Predict using XGBClassifier

In [None]:
# only XGBoost
xgb = XGBClassifier(max_depth=4, learning_rate=0.03, n_estimators=100,
                    objective='multi:softprob', subsample=0.6, colsample_bytree=0.6, seed=40)
xgb.fit(X_train, y_trans)
XGBC_pred_test = xgb.predict(X_test)
XGBC_pred_test_prob=xgb.predict_proba(X_test)

In [None]:
ids_test = test['id']

ids = []
countries = []

for i in range(len(X_test)):
    idx = ids_test[i]
    ids += [idx] * 5
    countries += le.inverse_transform(np.argsort(XGBC_pred_test_prob[i])[::-1][:5]).tolist()

In [None]:
submission = pd.DataFrame({
    "id" : ids,
    "country" : countries
})
submission.to_csv('submission_XGBC.csv', index = False)

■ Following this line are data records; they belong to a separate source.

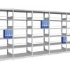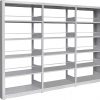 Giá thư viện 4 khoang sử dụng 2 mặt, có 5 tầng để tài liệu. Các đợt và thanh chắn có thể di động giúp điều chỉnh độ cao.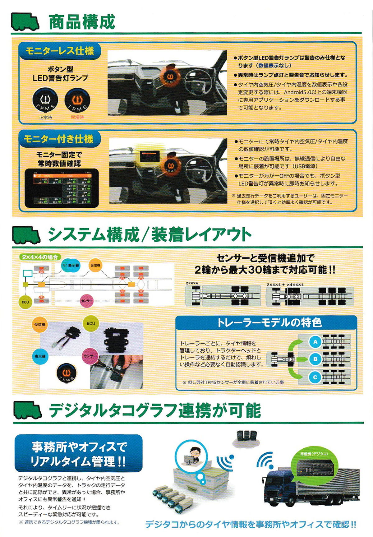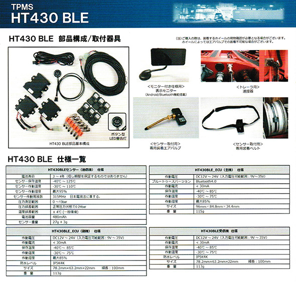 TP Checker(TPチェッカー)とは、タイヤ内部にセンサーを埋め込むことで、走行中のタイヤ空気圧と温度をチェックし、タイヤが危険な状態に陥った際にはモニターにて警告灯表示とワーニング音でドライバーへ知らせることで事故を未然に防ぐことができるものです。 TPMS=(Tire Pressure Monitoring System) TP Checkerは、ISO/TS16949の規格品です!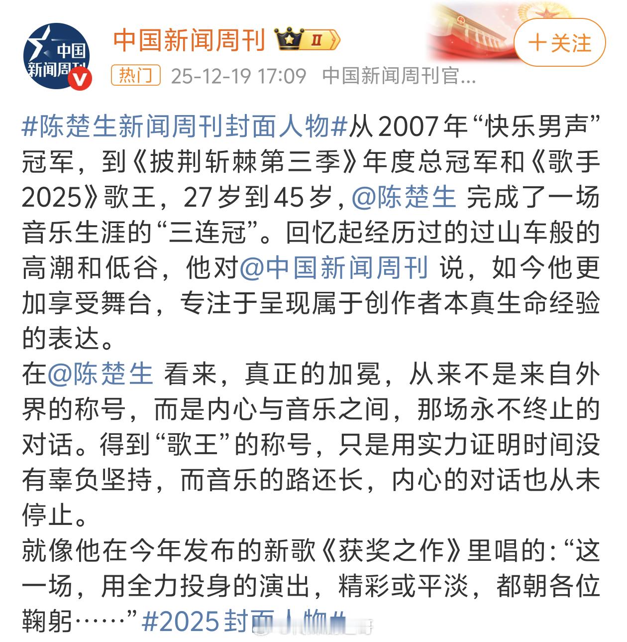 陈楚生新闻周刊封面人物获2025年度影响力歌手恭喜🎊🎊🎊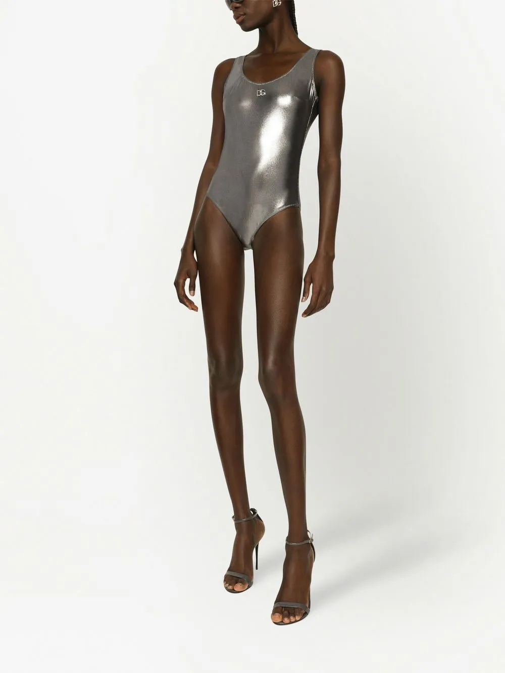 Zilver, logo plakkaat, U-hals, metallic finish, open rug en stretch design. Zwemkleding moet over je eigen kleding worden aangepast..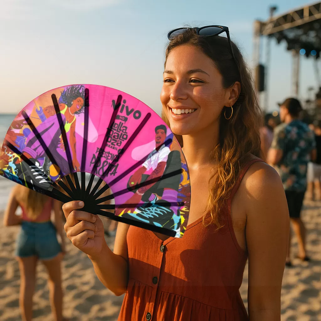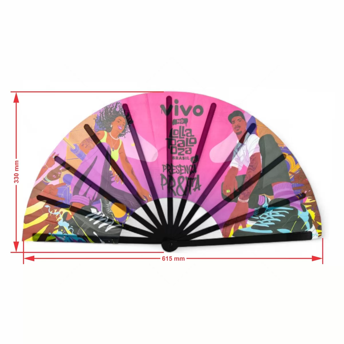 Confeccionado com tecido sublimado de alta qualidade, este leque combina leveza, durabilidade e excelente acabamento visual. As hastes são produzidas em poliestireno injetado, um tipo de plástico reconhecido por sua alta resistência e rigidez, garantindo estrutura firme e longa vida útil ao produto. O tecido permite impressões personalizadas em alta definição, resultando em cores vivas e detalhes precisos que destacam qualquer identidade visual. O sistema de abertura é suave e funcional, facilitando o uso contínuo em ambientes externos ou internos. Ideal para ações promocionais em eventos ao ar livre, festas temáticas, shows, feiras ou campanhas sazonais, o leque é um item versátil que se adapta a diferentes públicos e contextos. Além de útil em dias quentes, é uma excelente opção de brinde personalizado, permitindo que marcas se comuniquem de forma criativa e marcante, associando-se ao conforto, praticidade e ao apelo estético do produto.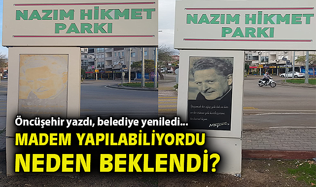 İzmir'in Dikili ilçesinde dünyaca ünlü şairimiz Nazım Hikmet Ran'ın görselinin bakımsızlığı çevredeki vatandaşlar tarafından tepkiyle karşılanmıştı. Bölge halkının isyanlarının Öncüşehir Gazetesi kamuoyunun gündemine getirirken, Dikili Belediyesi ise yaptığı yanlıştan geri adım attı.GÖRSEL YENİLENDİNazım Hikmet Parkı'ndaki Nazım Hikmet Ran'a ait görsel ve yazıların silinmesine yönelik tepkileri ÖNCÜŞEHİR'in gündeme getirmesinin ardından harekete geçen Dikili Belediyesi harekete geçerek görsel ve yazıları yeniledi.Yapılan düzenleme sonrası ise vatandaşlarla 'madem yapılabiliyordu neden ilçemiz kötü anıldıktan sonra yapıldı?' sorularını yönelterek belediyeye tepki gösterdi.

Predict by using XGBoost with cross Validate, score 0.86491 evaluated by kaggle

In [None]:
n_labels=len(set(y_des))
n_labels

In [None]:
params = {
    'objective': 'multi:softprob',
    'eval_metric': 'merror',
    'num_class': n_labels,
    'eta': 0.5,
    'max_depth': 6,
    'subsample': 0.5,
    'colsample_bytree': 0.3,
    'silent': 1,
    'seed': 123
}

In [None]:
import xgboost as xgb
num_boost_round = 50

Dtrain = xgb.DMatrix(X_train, y_trans)
res = xgb.cv(params, Dtrain, num_boost_round=num_boost_round, nfold=5,
             callbacks=[xgb.callback.print_evaluation(show_stdv=True),
                        xgb.callback.early_stop(50)])

In [None]:
num_boost_round = res['test-merror-mean'].idxmin()
print(format(num_boost_round))
clf = xgb.train(params, Dtrain, num_boost_round=num_boost_round)
clf

In [None]:
import operator
importance = clf.get_fscore()
importance_df = pd.DataFrame(
    sorted(importance.items(), key=operator.itemgetter(1)),
    columns=['feature', 'fscore']
)

In [None]:
importance_df = importance_df.iloc[-20:, :]

In [None]:
plt.figure()
importance_df.plot(kind='barh', x='feature', y='fscore',
                   legend=False, figsize=(20, 10))
plt.title('XGBoost Feature Importance', size=25)
plt.xlabel('Relative importance', size=20)
plt.ylabel('Features', size=20)
plt.tick_params(labelsize=15)
#plt.gcf().savefig('feature_importance.png')

Findings:
I tried different classification algorithms. Similar performance among those different algorithms after adjusting their parameters to be the optimal. I finally choose to use XGBoosting to predict for the test dataset. It has 63% accuracy and a 86.5% score on kaggle. Developing high resolution cross validation did not help with better feature selection and model ensembling. I think this is because there is no overfitting by using simply XGBoost classifier. And cross validation is mainly help with avoiding overfittings so that it doesn’t help in this condition. Age is the most important feature given by XGBoost and Random Forest algorithm, which means that it is a strong predictor for the outcome. This is meaningful because other than age, there are no many other information provided when users creating their accounts. Meanwhile, from my relevance analysis, I saw that people who are within different age intervals are prone to going to different countries. Session count is another good predictor, which is the total number of actions when new users browse on the app. Date of account creating and timestamp of first active day are also important predictors that affect the outcome greatly. The weight of gender to be a predictor is less significant, which means that there are no difference for males and females in choosing their destinations.